_Your task_
Images are not part of the copy; write out the rest of the data exactly as given.

_Input data_
----------------

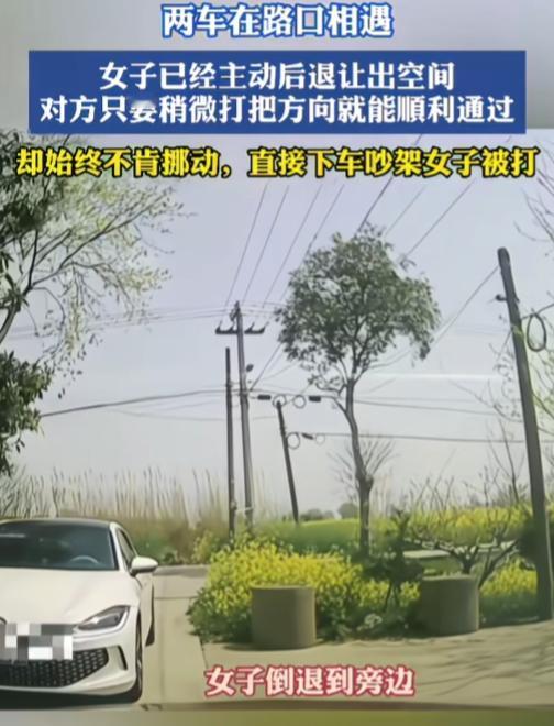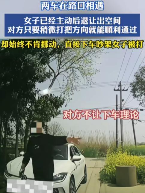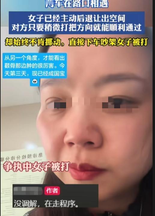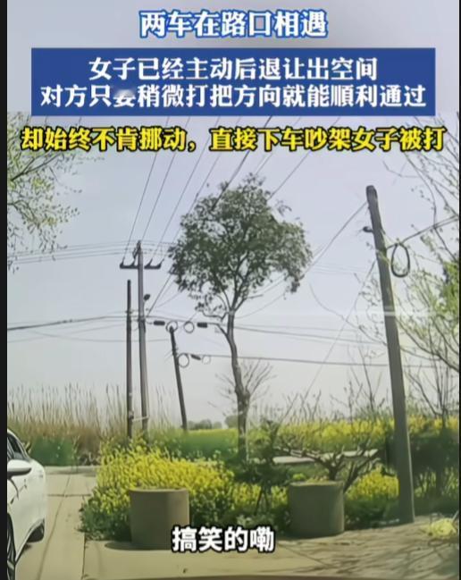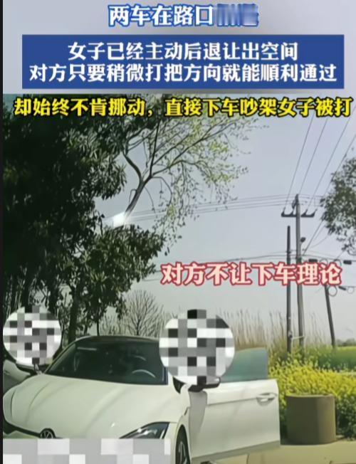 支持不和解,必须干到底,太嚣张了! 江苏,两车在路口相遇,女子已经主动动后退让出空间,但是对方始终不肯挪动,直接下车理论,争执中女子被打了。女子声称,没调解,在走程序。 白车路口还没拐进来,就看到女子车了。按照先出后进的顺序,理应白车让女子。没想到白车没让,直接拐了进来。 女子主动倒退到旁边,于是对着白车喊了一嗓子“你往那边走一走呢,你打一下不就行了吗?我都让成这样子了。搞笑的嘞。” 没想到,白车后座直接下来一个男的来找女子理论,争执了几下。接着白车前座下来两个人,争执中女子被打。三天了,右边颧骨还是肿很厉害。 太嚣张了,既没技术又没素质!有理打都不对,更何况还没有理。支持女子报警,定伤,让他们进去+赔偿!医药费、误工费、后续修复等费用,该赔的一分都不能少。
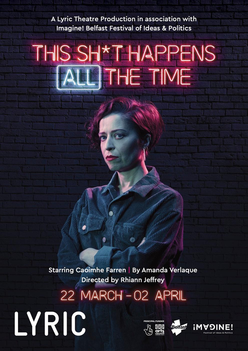âThe Lyricâs mission is to create, entertain and inspire, we are committed to delivering quality theatre from exceptional artists and especially new writing. We are very proud to produce Amanda Verlaqueâs 'This Shit Happens All The Time' in association with Imagine! Belfast Festival. Directed by Rhiann Jeffrey and starring Caoimhe Farren, this courageous new play offers audiences an emotional rollercoaster ride through a challenging love story that confronts us with our own accountability in defending the vulnerable against the forces of hateâ.
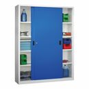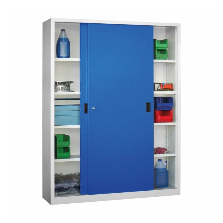 Schiebetürenschrank, Vollblechtüren, 8 verzinkte Böden, mit Trennwand, BxTxH 1500x400x1950 mm, Korpu s RAL 7035/Front RAL 5010 enzianblau

----------------

_Result below_
 支持不和解,必须干到底,太嚣张了! 江苏,两车在路口相遇,女子已经主动动后退让出空间,但是对方始终不肯挪动,直接下车理论,争执中女子被打了。女子声称,没调解,在走程序。 白车路口还没拐进来,就看到女子车了。按照先出后进的顺序,理应白车让女子。没想到白车没让,直接拐了进来。 女子主动倒退到旁边,于是对着白车喊了一嗓子“你往那边走一走呢,你打一下不就行了吗?我都让成这样子了。搞笑的嘞。” 没想到,白车后座直接下来一个男的来找女子理论,争执了几下。接着白车前座下来两个人,争执中女子被打。三天了,右边颧骨还是肿很厉害。 太嚣张了,既没技术又没素质!有理打都不对,更何况还没有理。支持女子报警,定伤,让他们进去+赔偿!医药费、误工费、后续修复等费用,该赔的一分都不能少。
âThe Lyricâs mission is to create, entertain and inspire, we are committed to delivering quality theatre from exceptional artists and especially new writing. We are very proud to produce Amanda Verlaqueâs 'This Shit Happens All The Time' in association with Imagine! Belfast Festival. Directed by Rhiann Jeffrey and starring Caoimhe Farren, this courageous new play offers audiences an emotional rollercoaster ride through a challenging love story that confronts us with our own accountability in defending the vulnerable against the forces of hateâ.
 Schiebetürenschrank, Vollblechtüren, 8 verzinkte Böden, mit Trennwand, BxTxH 1500x400x1950 mm, Korpu s RAL 7035/Front RAL 5010 enzianblau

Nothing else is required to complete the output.